In questa lezione parliamo di podcasting e di podcast. Che cos’è un podcast? Il podcast è un format audio, questo significa che per ascoltare un podcast devi andare su piattaforme specifiche che li ospitano, solitamente le piattaforme più famose e più conosciute sono Spotify e Itunes. 

 

Andiamo a vedere quali sono i vantaggi, quali sono le caratteristiche che deve avere un podcast per essere efficace e arrivare nella maniera corretta al tuo pubblico. Partiamo dal presupposto che il podcast è un format che tu concedi gratuitamente al tuo pubblico, quindi le piattaforme che lo “hostano” (ospitano) offrono gratis l’ascolto dei contenuti audio, l’ascoltatore se va su Spotify o su Itunes non paga nulla per ascoltare i podcast. 

 

Su Spotify esiste un abbonamento premium che, come ascoltatore, ti consente di togliere le pubblicità, ma questo riguarda più che altro chi usufruisce dei contenuti. 

 

Ci sono principalmente 2 modi di creare un podcast, il primo si ottiene estrapolando l’audio da un video precedentemente registrato per altri fini, esempio da un video preparato per Youtube. Molti dei podcast più ascoltati sono fatti così. Il secondo modo è quello di creare un podcast da zero. Per esempio il podcast “Il potere del cambiamento” è sviluppato da zero, pensato appunto  solo per il podcasting.
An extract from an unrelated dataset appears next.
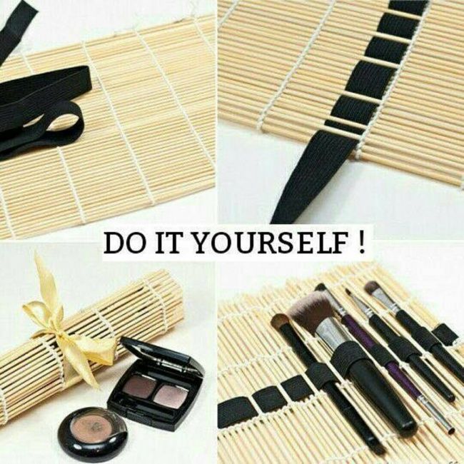 - Μπορείτε επίσης να φτιάξετε μια προστατευτική θήκη για τα πινέλα του μακιγιάζ σας σε μόλις 5 λεπτά. Το μόνο που χρειάζεστε είναι ένα κομμάτι από μπαμπού, ένα μεγάλο λαστιχάκι, λίγο νήμα, και μια κορδέλα.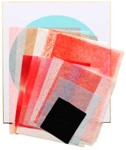 どの紙をどの順序に使うかの決まりはありません。ひとつの目安として、濃い赤系絞り入り折染め2種のどちらかを貼って(胴には濃い方を、ヒレにはそれより淡い方を)、その上にオレンジの濃いもの、淡いものと重ねていくといいでしょう。

Addirittura abbiamo fatto una puntata live del podcast, ovvero abbiamo registrato la puntata in una sala durante un nostro meet up, penso che sia stato il primo esperimento in Italia di podcast registrato con un pubblico. 

 

Quindi partendo dal presupposto che tu sappia esporre in maniera corretta i contenuti del tuo format (vai a guardare la lezione che abbiamo fatto in aula, dove ti spiegavo come sfruttare gli intenti di ricerca per capire quali sono le keywords per sviluppare i contenuti che interessano il tuo pubblico) ricordati sempre che la regola fondamentale ovvero che devi partire da un desiderio di mercato e andare poi a proporre una soluzione tramite un contenuto, quindi svilupperai il tuo contenuto tramite quell’intento di ricerca, proponendo al tuo potenziale pubblico, ai tuoi prospect, ai tuo acquirenti, una tua soluzione. 

 

Partiamo dalle attrezzature: ti serve un microfono, può andare bene anche il tuo smartphone ma non registrare mai il microfono del telefono, acquistane uno a clips (levalier) da connettere al telefono oppure se vuoi fare un lavoro più professionale acquista un microfono usb a condensatore, io per registrare nello studio che ho in casa uso un microfono USB Blue Yeti, ma cercando sul web scoprirai che ce ne sono altri che sono di pari livello, invece per la registrazione che faccio in studio utilizzo dei microfoni Rode NT1 con una scheda audio Scarlett 2i2.  

 

Quando hai il microfono cerca di trovarti un posto per registrare  insonorizzato, che significa creare un ambiente dove la tua voce non rimbalza e non fa eco. Per esempio se sono in ambiente grande e vuoto la mia voce rimbalzerà da tutte le parti creando un fastidioso effetto eco e rimbombo, se invece al contrario mi metto dentro l’armadio dei vestiti, proprio con il microfono inserito tra un vestito appeso e l’altro, la mia voce rimane lì ferma e senza eco. 

 

Voce ferma e senza eco, questo è la condizione ideale perché la registrazione del tuo podcast. Se vuoi creare un ambiente di registrazione senza farlo dentro l’armadio puoi acquistare un pannello fonoassorbente a semiarco da mettere dietro il microfono, se ne trovano di svariati modelli su amazon. Oppure insonorizzi tutta la stanza applicando alle pareti i pannelli fonoassorbenti che puoi trovare nei centri di bricolage.

 

L’ audio è uno di quegli elementi che non può essere mai pubblicato in bassa qualità, mentre un video con un’immagine non perfetta lo si guarda un audio registrato male non lo si ascolta, quindi presta massima attenzione alle fasi di registrazione.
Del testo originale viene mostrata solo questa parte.